Oh yea! We have that book, along with Keeper of the Bees and others by that author. Great Book! One of my daughter's favs. It has been reprinted, btw. The copy we got is new. 

Glad you are enjoying the list.  

Cindyc._


----------



## jamala (May 4, 2007)

we use abeka for most subjects, saxon for math and apologia for higher science classes


----------



## Cashs Cowgirl (Jan 26, 2006)

we used Abeka when I took my daughter out of school (1/2 way through 1st grade) since that was what they were already using and I figured we'd already paid for it and we were going to use it.

I switched fairly quickly though. I felt that there wasn't enough meat to the history and I wanted the kids to read other books by many authors to get a feel for different styles of writing and books that were caldecott and newberry winners...things that I remember reading and loving.

I use Sonlight now. Their book lists are really great. I get many things also from Rainbow Resource. Inexpensive and an extremely vast array of items to purchase. Both of those catalogs are free. Rainbows is about 3 inches thick, but has great descriptions of all of their products.

I used Teach your Child to read in 100 easy lessons. My son liked it and it helped, though he wasn't ready to read until he was 8 1/2. He really balked at it until then.

I use now, Grammer Ace, Wordly Wise, MCP Phonics, Singapore Math (though I'm about to start using Teaching Textbooks for my daughter since I think she needs a little more 'teaching instruction' that is not coming from me, lol. She likes to do things on her own as is, math gives her a bit of a fit and combine that with Mom telling her how to do it all....ugh, lol. She likes the way Teaching Textbooks is laid out and explains things.

Look on Yahoo or ask around and see if you can find a homeschool group. That is a vast source of information. We love our eclectic group. 

Remember, if it isn't working for the kids, then don't be afraid to change to something else.

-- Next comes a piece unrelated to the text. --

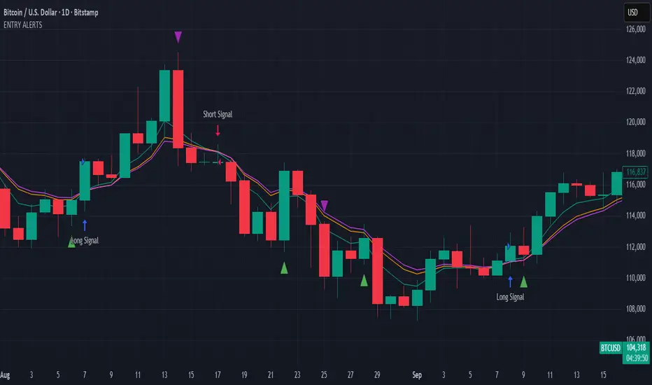 • After a **green trio**, the script can wait for a bullish EMA cross to confirm a **LONG entry**.

Homeschooling is great like that


----------



## uarelovedbygod (Nov 1, 2003)

check out Sonlight and consider using K or 1 for all 3 then add their own LA's/Math.

Also, take a look at My Father's World and Heart of Dakota.
Save your sanity and combine them all for everything except LA's and Math.

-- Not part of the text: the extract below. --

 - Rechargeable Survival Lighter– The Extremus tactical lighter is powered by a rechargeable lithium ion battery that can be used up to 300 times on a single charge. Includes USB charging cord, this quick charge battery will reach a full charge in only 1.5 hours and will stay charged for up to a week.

I use Bob Books/Leap Frog Letter Factory DVD's and Explode the Code for my younger ones learning to read..then we move into Abeka Language Workbook only and just assign age appropriate books.

Misti
Homeschool mom of 7 in KY


----------



## Jakk (Aug 14, 2008)

I also use Explode the Code for my 5 yr old, she loves it.


----------



## BlueberryChick (May 12, 2008)

I've homeschooled for 13 years (oldest just graduated), and I'm agonizing this year like a newbie! 

I agree with OhioDreamer, you should consider your preferred teaching style as well as your child's learning style. If they love unit studies, but you hate doing them, it won't work well (ask me how I know). 

Unit studies:
KONOS
A Prairie Primer
Five in a Row (for younger ones)

Complete curriculum:
Sonlight
Calvert
An Old fashioned Education (online, K-12, mostly free curriculum)
There's tons more, I just haven't had enough coffee yet to think of them.

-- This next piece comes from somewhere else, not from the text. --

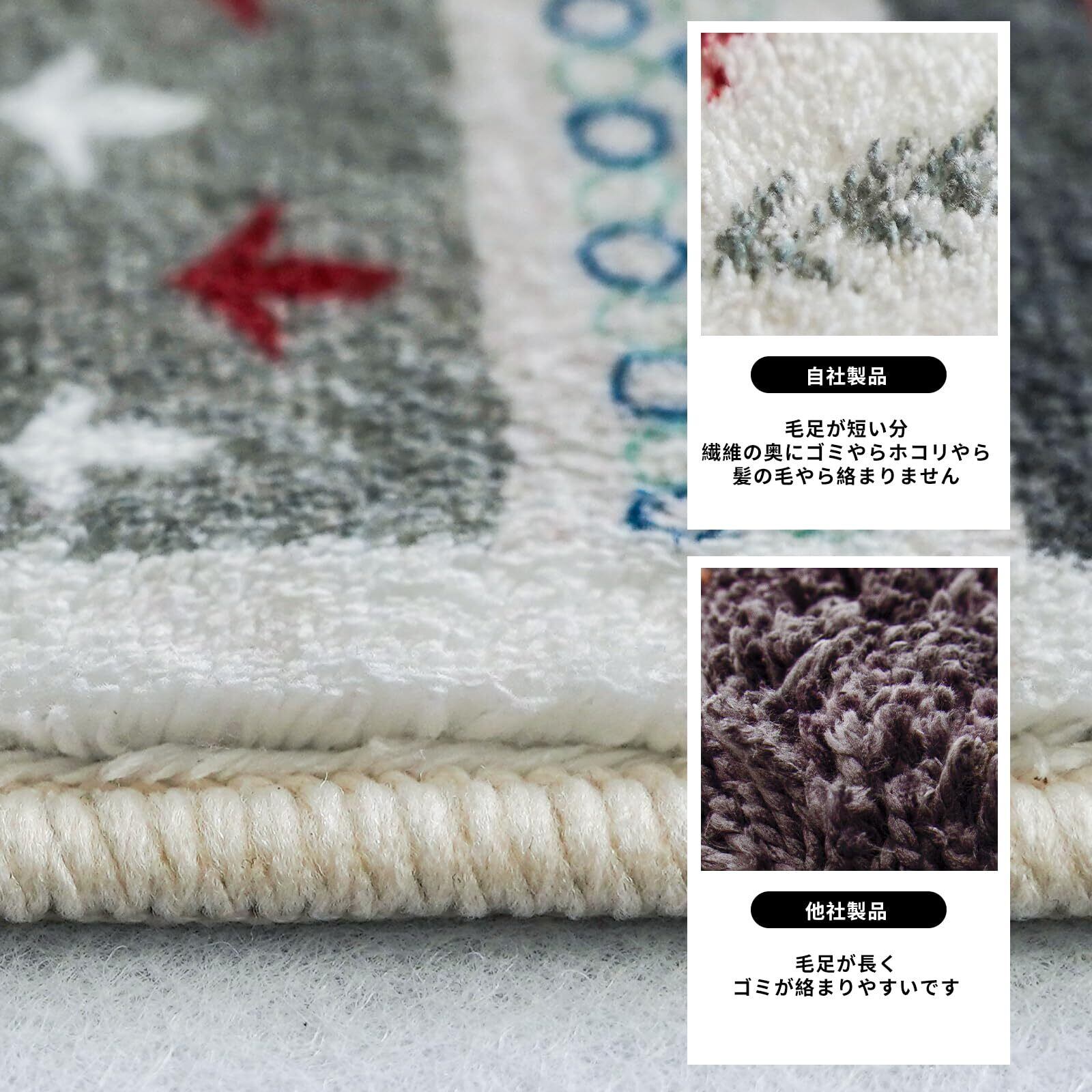 【滑り止め付き・耐久性よい】トイレマットの裏面には不織布+TPR滑り止め加工が施されているため、ずれにくく、滑るイライラを解消します。小さなお子さまやお年寄りがいる場合でも、滑って転ばないか心配がありません。丁寧に作られた縁とほつれにくい毛糸を基づいて、耐久性はいいです。サイドもロック加工で丁寧に仕上げています。

This site has tons of links:
Home Sweet Homeschool


----------



## ovsfarm (Jan 14, 2003)

Don't forget that there is a thriving market in used homeschooling curriculum. So if you see something you'd like to try but not at full price, consider purchasing a used copy to peruse. If you find it lacking, you can always resell it. If you like it, you can decide whether to buy all the related materials (if any) used, or to spring for them new from the publisher.


----------